United States District Court, D. New Mexico

January 10, 2019

MIKE S. OCHIENO, Plaintiff,
v.
SANDIA NATIONAL LABORATORIES, Defendant.

          MEMORANDUM OPINION AND ORDER

         This matter comes before the Court upon pro se Plaintiff's Motion to Amend the Complaint (Motion to Amend), filed on April 19, 2018. (Doc. 13). Defendant filed a response on April 26, 2018, and Plaintiff filed a reply on May 14, 2018. (Docs. 14 and 15). Having considered the Motion to Amend, the proposed “Second Amended Complaint, ” and the accompanying briefing, the Court denies the Motion to Amend.[1]

         A. Background

         Plaintiff brings this employment discrimination lawsuit against Defendant, “a wholly owned subsidiary of Lockheed Martin.” (Doc. 14) at 4 n.1. When Plaintiff worked for Defendant, he worked on Kirtland Air Force Base. (Doc. 1-3) and (Doc. 1-4).

         On November 25, 2016, the Equal Opportunity Commission (EEOC) mailed to Plaintiff a Dismissal and Notice of Rights letter, which notified Plaintiff that he had 90 days from the receipt of the letter to file a Title VII lawsuit in either federal or state court. (Doc. 15) at 9. Plaintiff claims that he received a right to sue letter in January 2017. Id. at 1.

         On March 1, 2017, Plaintiff filed a complaint in state court raising the following state claims: breach of implied contract, race discrimination under the New Mexico Human Rights Act (NMHRA), and intentional interference with contractual relations (IICR). (Doc. 1-1) at 4-7. Plaintiff did not bring a Title VII claim or any other federal claim.
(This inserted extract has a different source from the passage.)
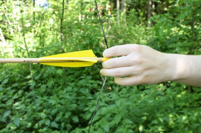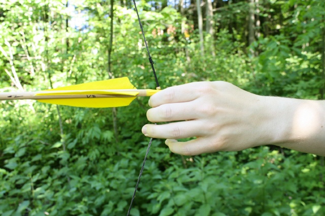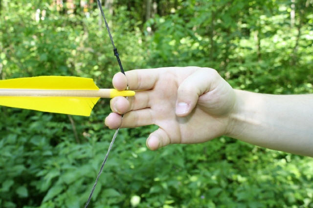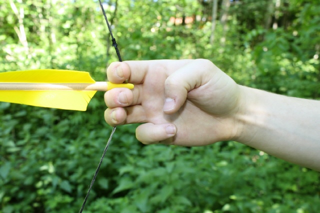 Untergriff: Alle Finger sind unter dem Pfeil, nur ein Finger berührt ihn.
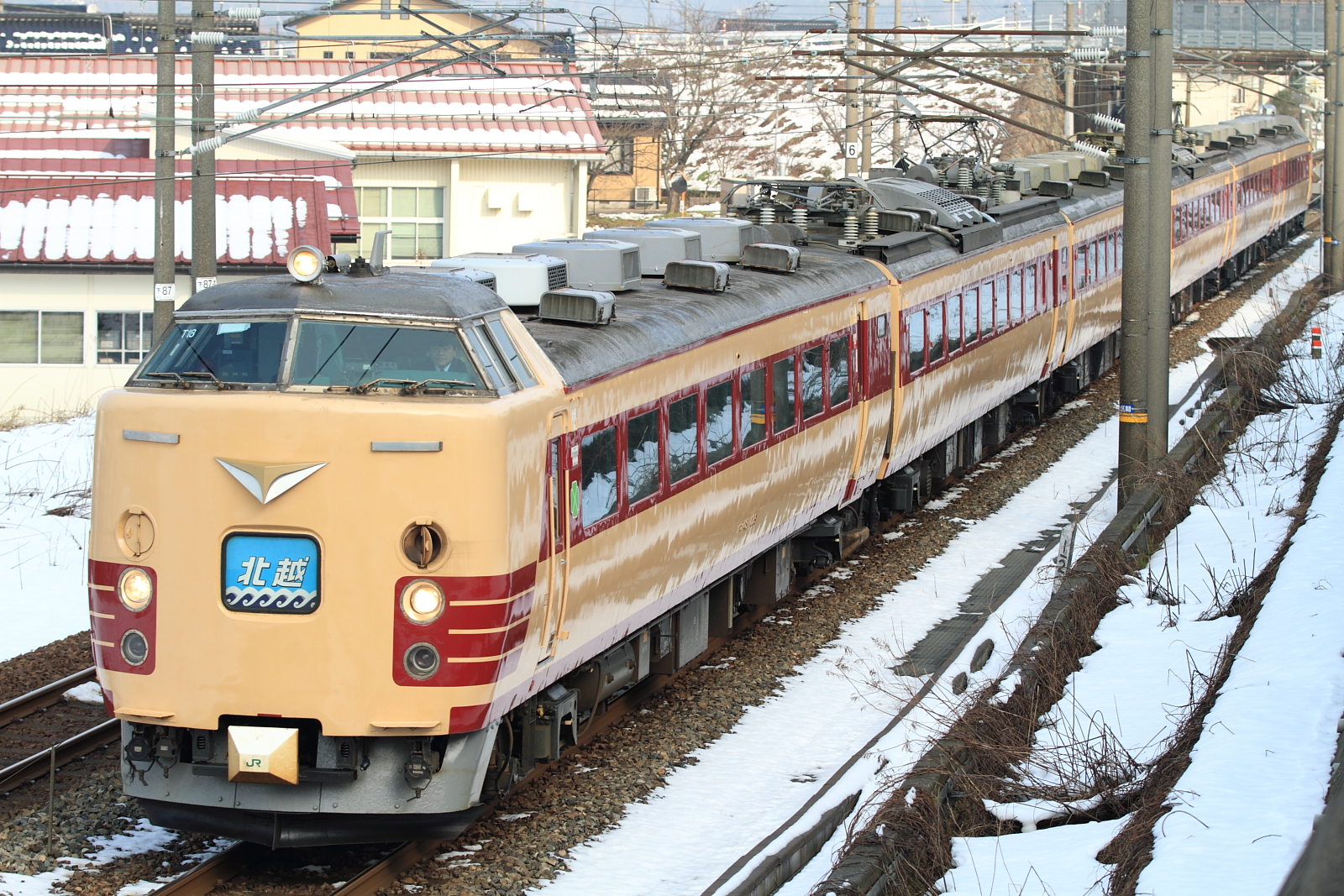 【北陸本線】北越2号T18編成撮影【485系】 H27.1.5新年、あけましておめでとうございます。新年1発目の撮影は今話題の485系T18編成。 1052M(北越2号)いつもの場所でまだ485系を記録していないと気づき、撮ったは良いものの直前で残念な薄曇り、そしてこれまた話題の……タイフォン半開き。これはこれで、良い記録となったと割り切って、新年最初のブログ更新となります。今年もブログ共々、よろしくおねがい致します。 [0回]

On February 28, 2018, Defendant removed the lawsuit to federal court on the basis of federal question jurisdiction arising from the fact that Kirtland Air Force Base is a federal enclave subject to exclusive federal jurisdiction. (Doc. 1) at 2.

         On March 7, 2018, Defendant filed a motion to dismiss the lawsuit based, in part, on the federal enclave doctrine. (Doc. 4). Under the federal enclave doctrine, “state law that is adopted after the creation of the enclave generally does not apply on the enclave.” Allison v. Boeing Laser Tech. Servs., 689 F.3d 1234, 1235 (10th Cir. 2012). Instead of responding to the Motion to Dismiss, Plaintiff moved to amend the state complaint in an effort to characterize his state claims as federal claims. (Doc. 13). If Plaintiff succeeds in amending the state complaint, then the federal enclave doctrine does not apply and dismissal on that basis would be improper.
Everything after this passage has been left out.